__Goal of the exercise__.
Copy out the data in full and exactly, passing over the pictures.

__Supplied data__.
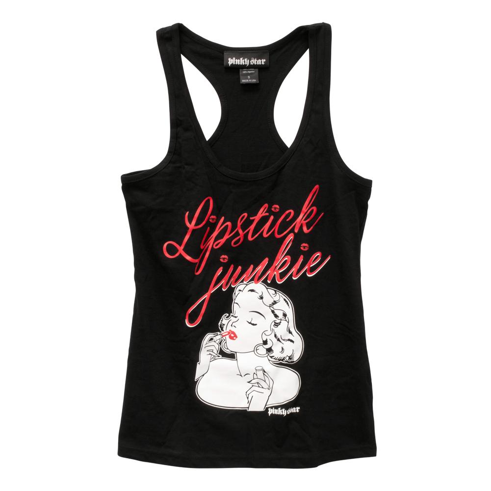 Pinky Star Lipstick Junkie Women's Black Tank Top T-Shirt
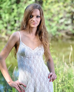 Conny Naked Outdoors By The Forest Lake In Soft Sunlight And White Dress
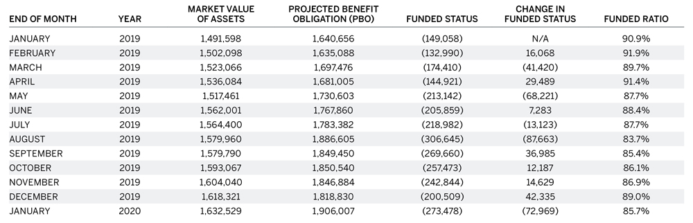 MILLIMAN 100 PENSION FUNDING INDEX — JANUARY 2020 (ALL DOLLAR AMOUNTS IN MILLIONS)
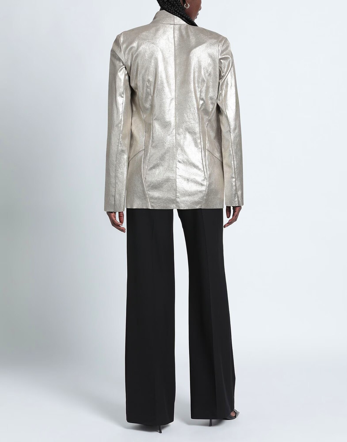 Кожа, эффект ламинирования, без аппликаций, одноцветное изделие, глубокий вырез горловины, однобортный, длинные рукава, на подкладке, множество карманов, содержит нетекстильные части животного происхождения, пиджак однобортный
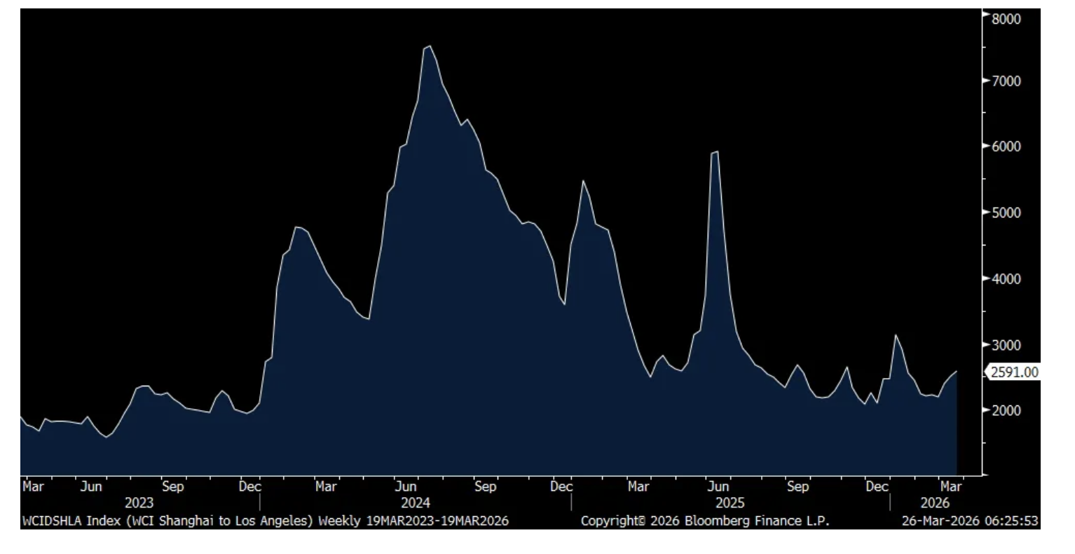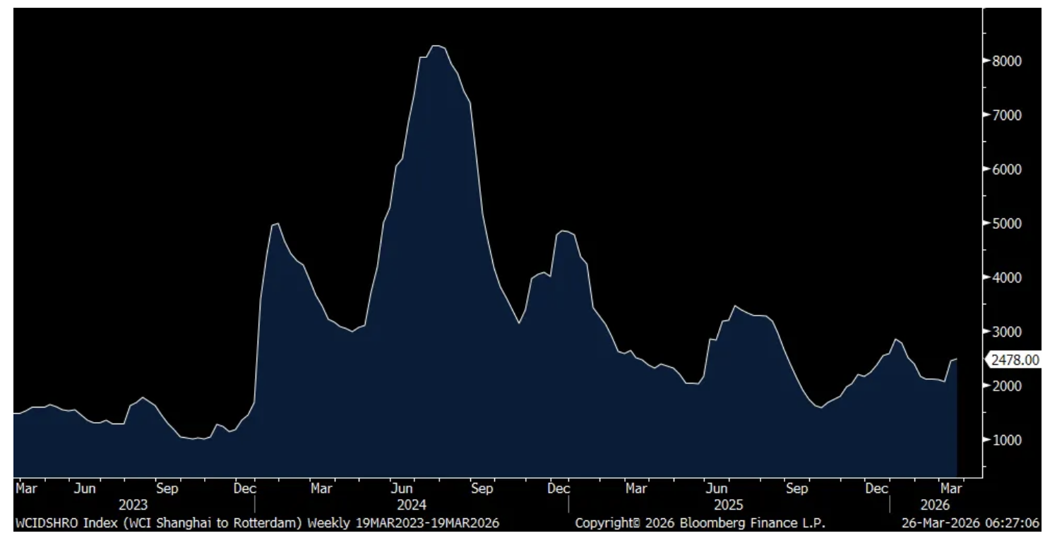 Container shipping prices continue to rise but as the Houthi’s haven’t yet disrupted the Red Sea, they still remain relatively muted. The Shanghai to LA trip rose by $95 to $2,686 to the highest since mid January. The route to NY rose by a similar amount to $3,393 and to Rotterdam, Netherlands from Shanghai too to $2,552.
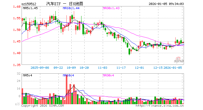 1月5日,汽车ETF(159512)开盘涨0.00%,报1.442元。汽车ETF(159512)重仓股方面,赛力斯开盘跌0.67%,江淮汽车涨0.00%,比亚迪涨0.70%,上汽集团涨0.20%,长安汽车涨0.00%,宇通客车涨0.58%,长城汽车跌0.13%,北汽蓝谷涨0.00%,广汽集团跌0.25%,福田汽车涨0.00%。
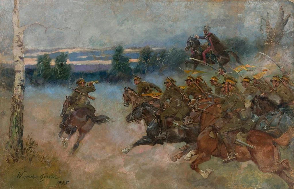 Wojciech Kossak, actif à la fin du XIXe et au début du XXe siècle, est reconnu pour ses œuvres qui mettent en lumière des scènes militaires et historiques. Influencé par le réalisme et le romantisme, Kossak a su allier précision historique et sensibilité artistique. Sa passion pour l'histoire militaire polonaise et européenne l'a conduit à créer des œuvres emblématiques qui témoignent de son talent et de son engagement envers son héritage culturel. Ses tableaux, comme la Charge de cavalerie, sont non seulement des représentations artistiques, mais aussi des récits visuels qui capturent l'esprit de leur temps.
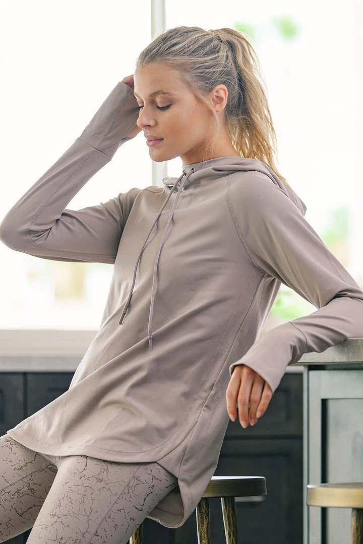 Constructed from recycled polyester (woven with spandex for four-way stretchiness), this hoodie top cuts a relaxed silhouette with a high neckline, a drawstring feeding through grommets, long sleeves with thumbholes, and a curved hemline for a flowy look.
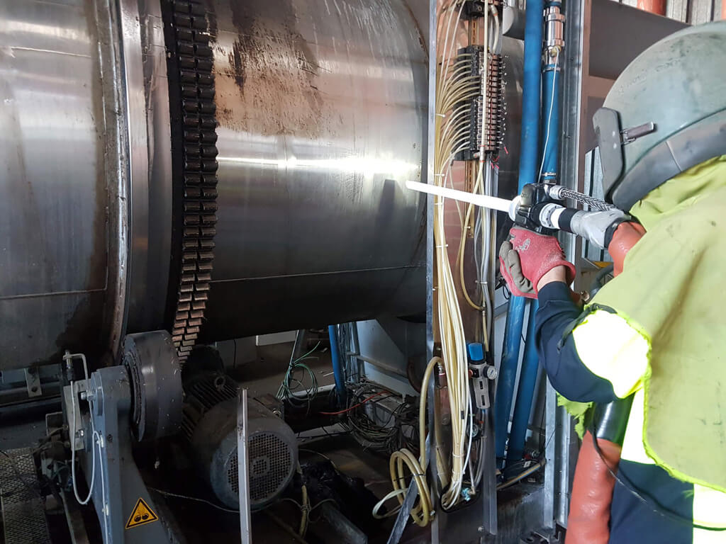 Polyspray’s dry ice blasting team brought three machines to site each putting out 175psi. Average consumption of dry ice was around two ton per day. The manufacturers of the dry ice had to start at 2am each morning to ensure Polyspray had enough ice for the following day. Once SPL saw the benefits of the dry ice blasting Polyspray was instructed to blast everything inside and out.
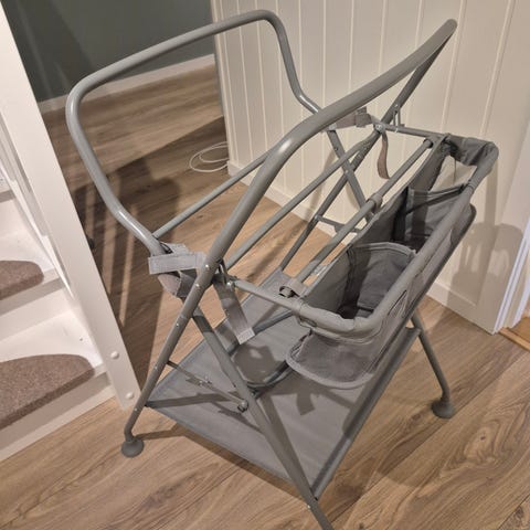 Stativ selges til twistshake badekar. Det har fleksible oppbevaringsrom, som holder skyllekannen, badelekene og vaskeklutene dine lett tilgjengelig, og en dreneringsslange som gjør det enkelt å tømme badebaljen.

__Output of the task__.
 Pinky Star Lipstick Junkie Women's Black Tank Top T-Shirt
 Conny Naked Outdoors By The Forest Lake In Soft Sunlight And White Dress
 MILLIMAN 100 PENSION FUNDING INDEX — JANUARY 2020 (ALL DOLLAR AMOUNTS IN MILLIONS)
 Кожа, эффект ламинирования, без аппликаций, одноцветное изделие, глубокий вырез горловины, однобортный, длинные рукава, на подкладке, множество карманов, содержит нетекстильные части животного происхождения, пиджак однобортный
 Container shipping prices continue to rise but as the Houthi’s haven’t yet disrupted the Red Sea, they still remain relatively muted. The Shanghai to LA trip rose by $95 to $2,686 to the highest since mid January. The route to NY rose by a similar amount to $3,393 and to Rotterdam, Netherlands from Shanghai too to $2,552.
 1月5日,汽车ETF(159512)开盘涨0.00%,报1.442元。汽车ETF(159512)重仓股方面,赛力斯开盘跌0.67%,江淮汽车涨0.00%,比亚迪涨0.70%,上汽集团涨0.20%,长安汽车涨0.00%,宇通客车涨0.58%,长城汽车跌0.13%,北汽蓝谷涨0.00%,广汽集团跌0.25%,福田汽车涨0.00%。
 Wojciech Kossak, actif à la fin du XIXe et au début du XXe siècle, est reconnu pour ses œuvres qui mettent en lumière des scènes militaires et historiques. Influencé par le réalisme et le romantisme, Kossak a su allier précision historique et sensibilité artistique. Sa passion pour l'histoire militaire polonaise et européenne l'a conduit à créer des œuvres emblématiques qui témoignent de son talent et de son engagement envers son héritage culturel. Ses tableaux, comme la Charge de cavalerie, sont non seulement des représentations artistiques, mais aussi des récits visuels qui capturent l'esprit de leur temps.
 Constructed from recycled polyester (woven with spandex for four-way stretchiness), this hoodie top cuts a relaxed silhouette with a high neckline, a drawstring feeding through grommets, long sleeves with thumbholes, and a curved hemline for a flowy look.
 Polyspray’s dry ice blasting team brought three machines to site each putting out 175psi. Average consumption of dry ice was around two ton per day. The manufacturers of the dry ice had to start at 2am each morning to ensure Polyspray had enough ice for the following day. Once SPL saw the benefits of the dry ice blasting Polyspray was instructed to blast everything inside and out.
 Stativ selges til twistshake badekar. Det har fleksible oppbevaringsrom, som holder skyllekannen, badelekene og vaskeklutene dine lett tilgjengelig, og en dreneringsslange som gjør det enkelt å tømme badebaljen.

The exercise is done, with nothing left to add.